Why GL_TEXTURE_EXTERNAL_OES?

Android’s SurfaceTexture does not produce a standard GL_TEXTURE_2D. Instead, it uses GL_TEXTURE_EXTERNAL_OES, a special texture target defined by the OES_EGL_image_external extension. This has practical implications:

Your fragment shader must declare #extension GL_OES_EGL_image_external : require
You must use samplerExternalOES instead of sampler2D
The texture transform matrix from SurfaceTexture.getTransformMatrix() must be applied in the vertex shader, because the hardware may store the frame in any orientation or format (YUV, tiled, etc.)

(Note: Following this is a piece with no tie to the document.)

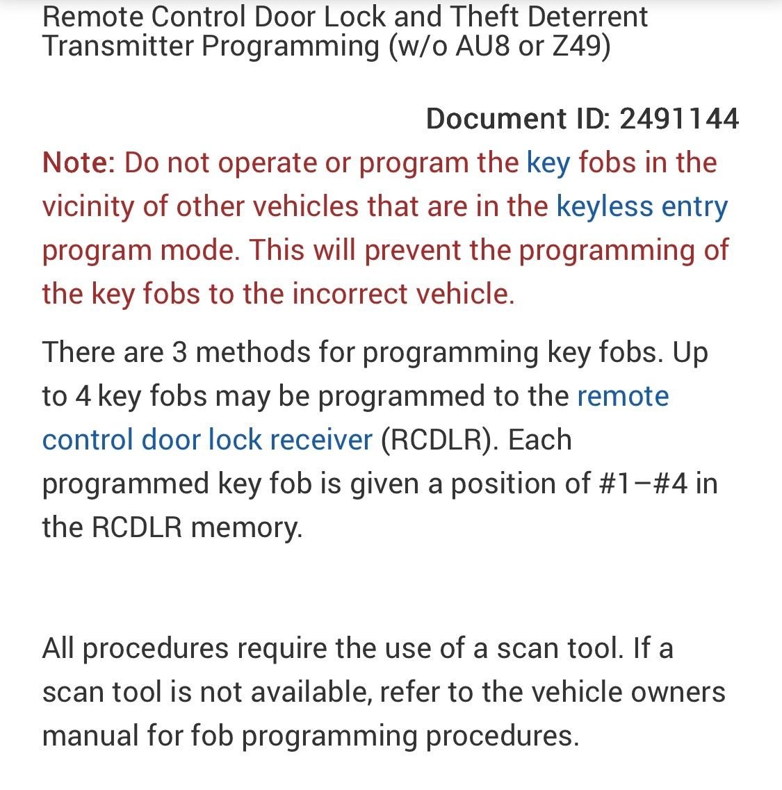 You can select FOB1 as the one you want programmed with the Tech 2...the most important thing is to make sure the ignition is OFF during the procedure with the Tech 2 and at the end make sure you press the UNLOCK button on the new FOB per step 8...procedure from Service Info below...car covered in a carport ??...that sucks !!

#extension GL_OES_EGL_image_external : require
precision mediump float;
uniform samplerExternalOES videoTexture;
varying highp vec2 v_TexCoord;

void main() {
    vec4 color = texture2D(videoTexture, v_TexCoord);
    // ... apply enhancement ...
    gl_FragColor = color;
}

Why Not AGSL?

Android 13 introduced AGSL (Android Graphics Shading Language) and RenderEffect, which can apply GPU shaders to any View. While AGSL is great for UI effects like blurs and rounded corners, it is not suitable for a video post-processing pipeline:

No EGL control: you cannot configure secure EGL contexts for DRM content
No SurfaceTexture integration: AGSL works on rendered View bitmaps, not raw video textures
Backward compatibility: AGSL requires API 33+, while GL_OES_EGL_image_external works on API 14+
Per-frame control: the GLSurfaceView.Renderer callback gives you deterministic per-frame timing; AGSL is tied to the View rendering schedule

Shader Architecture: Permutation-Based Design

The Cost Model

On mobile GPUs, the dominant performance bottleneck for full-screen image processing is texture fetches, not arithmetic. Each texture2D() call issues a memory read from VRAM, which is orders of magnitude slower than an ALU (arithmetic) operation:

Operation	Relative Cost (mobile GPU)
ALU (add, multiply, pow)	1x
`texture2D()` from cache	~10-20x
`texture2D()` cache miss	~100-200x

A 4K frame has 8.3 million fragments. If your shader does 14 texture fetches per fragment (e.g., 5 for sharpening + 9 for denoising), that is 116 million texture reads per frame. At 60fps, that is 7 billion reads per second. Texture fetch count is the single most important optimization lever.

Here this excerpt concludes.